Líder do partido Chega destacou os problemas sentidos em setores económicos como "restauração, hotelaria, comércio" ou "ginásios".
Lusa 13 de Abril de 2021 às 16:40
O presidente do Chega defendeu esta terça-feira que o atual desconfinamento das restrições para combater a epidemia de Covid-19 "não pode parar", sublinhando a necessidade de "testagem massiva", sobretudo nas escolas, e contínua vacinação da população.

"As escolas são um ponto fulcral. É preciso testar massivamente, continuar a controlar a comunidade educativa e escolar em matéria de novas infeções e controlo de surtos, mas o processo de desconfinamento não pode, efetivamente, parar", disse André Ventura numa declaração-vídeo.

O líder do partido populista falava na sequência de mais uma reunião de especialistas e peritos, responsáveis e decisores políticos, organizada pela Direção-Geral da Saúde (DGS) e pela Autoridade Nacional do Medicamento e Produtos de Saúde (Infarmed), e de uma audiência com o Presidente da República, a propósito do estado de emergência.

"Apesar da situação, neste momento, de algum risco, com o aumento do índice de transmissibilidade - expectável com o processo de desconfinamento em curso -, para nós, é importante que o desconfinamento não pare", vincou, destacando os problemas sentidos em setores económicos como "restauração, hotelaria, comércio" ou "ginásios".

Portugal tem esta terça-feira menos 20 pessoas internadas com Covid-19, registando-se 408 casos confirmados de infeção pelo SARS-CoV-2 e mais cinco mortes nas últimas 24 horas, segundo o mais recente boletim epidemiológico da DGS.

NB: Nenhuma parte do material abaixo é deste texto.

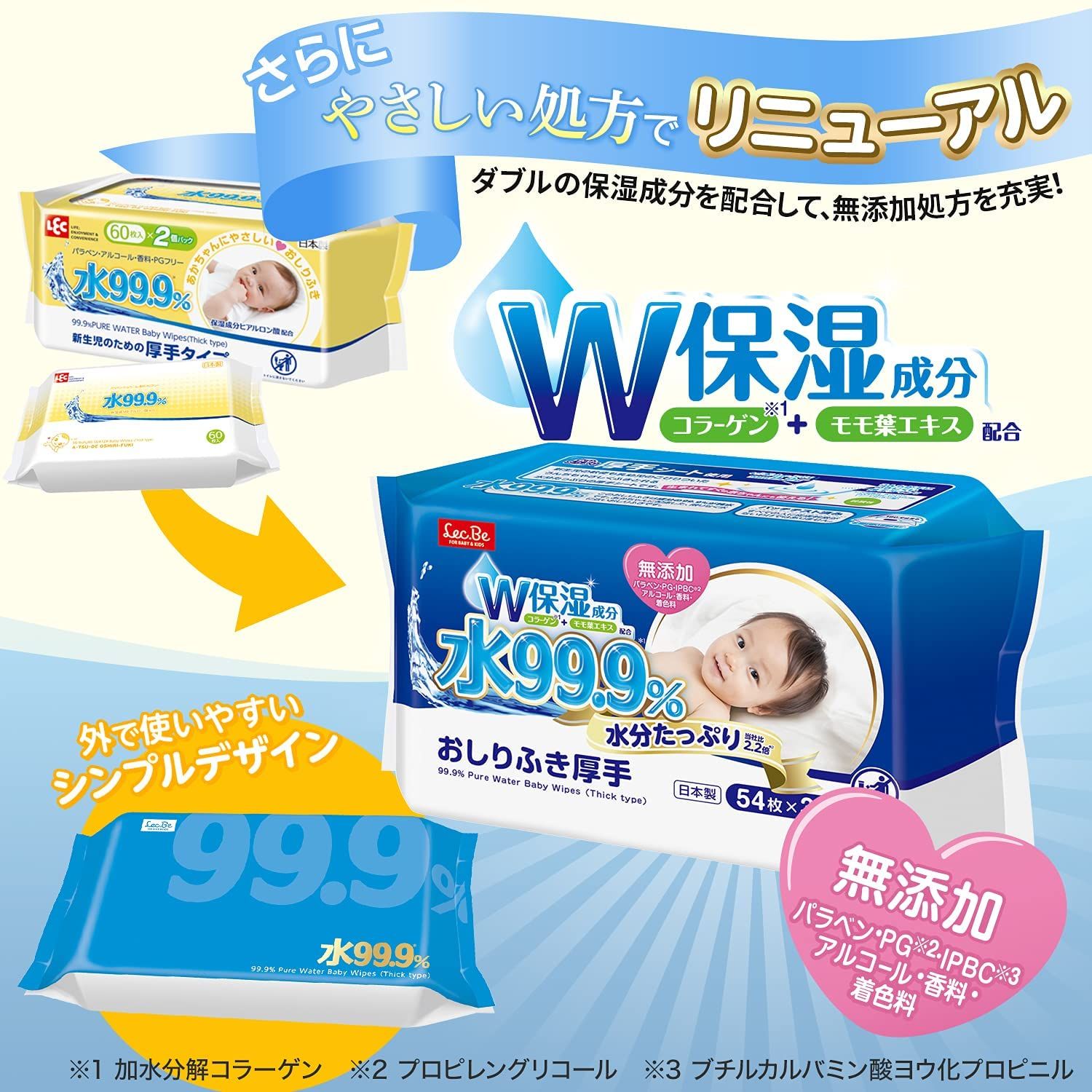 ● It is a thick wet wipes with rich of water content (2.2 times more) compared to other LEC 99.9% Water wipes that can gently wipe off loose stools of newborns and sticky poops of infants.● 99.9% of the ingredients are made of pure water, which is as close to water as possible.● With moisturizing ingredient.Keeps your skin healthy.●.● The open seal has an over stop function that opens 180 degrees and stops, making it easy to remove the sheet.● Manufactured in clean room without human contact from the start of production to packaging.It is made in our own factory in Japan with thorough hygiene control.

"Temos setores muito, muito afetados e temos sensibilizado o Governo para essa situação. Votar atrás no processo de desconfinamento é criar um problema muito sério à sociedade e economia portuguesas", afirmou o deputado da extrema-direita parlamentar.

A DGS contabilizou 459 pessoas internadas, 118 das quais em unidades de cuidados intensivos (menos uma do que na segunda-feira). As autoridades de saúde deram também como recuperadas mais 746 pessoas nas últimas 24 horas, atingindo-se um total de 785.809 desde março de 2020 e os casos ativos totalizam 25.441, menos 343 do que na segunda-feira.

"Aumentar a vacinação é fundamental. O Governo tinha garantido um número... Neste momento, em final de março, está muito aquém daquilo que seria desejável. Sabemos e temos informação de várias mortes que foram evitadas precisamente com a vacinação. Temos de continuar a vacinar", concluiu Ventura.

Portugal já registou quase 17.000 mortes atribuídas à Covid-19 e 828.173 casos de infeção pelo coronavírus SARS-CoV-2, desde março de 2020.

A pandemia de Covid-19 provocou, pelo menos, perto de três milhões de mortos no mundo, resultantes de mais de 136,5 milhões de casos de infeção, segundo um balanço feito pela agência francesa AFP.

A doença é transmitida por um novo coronavírus detetado no final de 2019, em Wuhan, uma cidade do centro da China.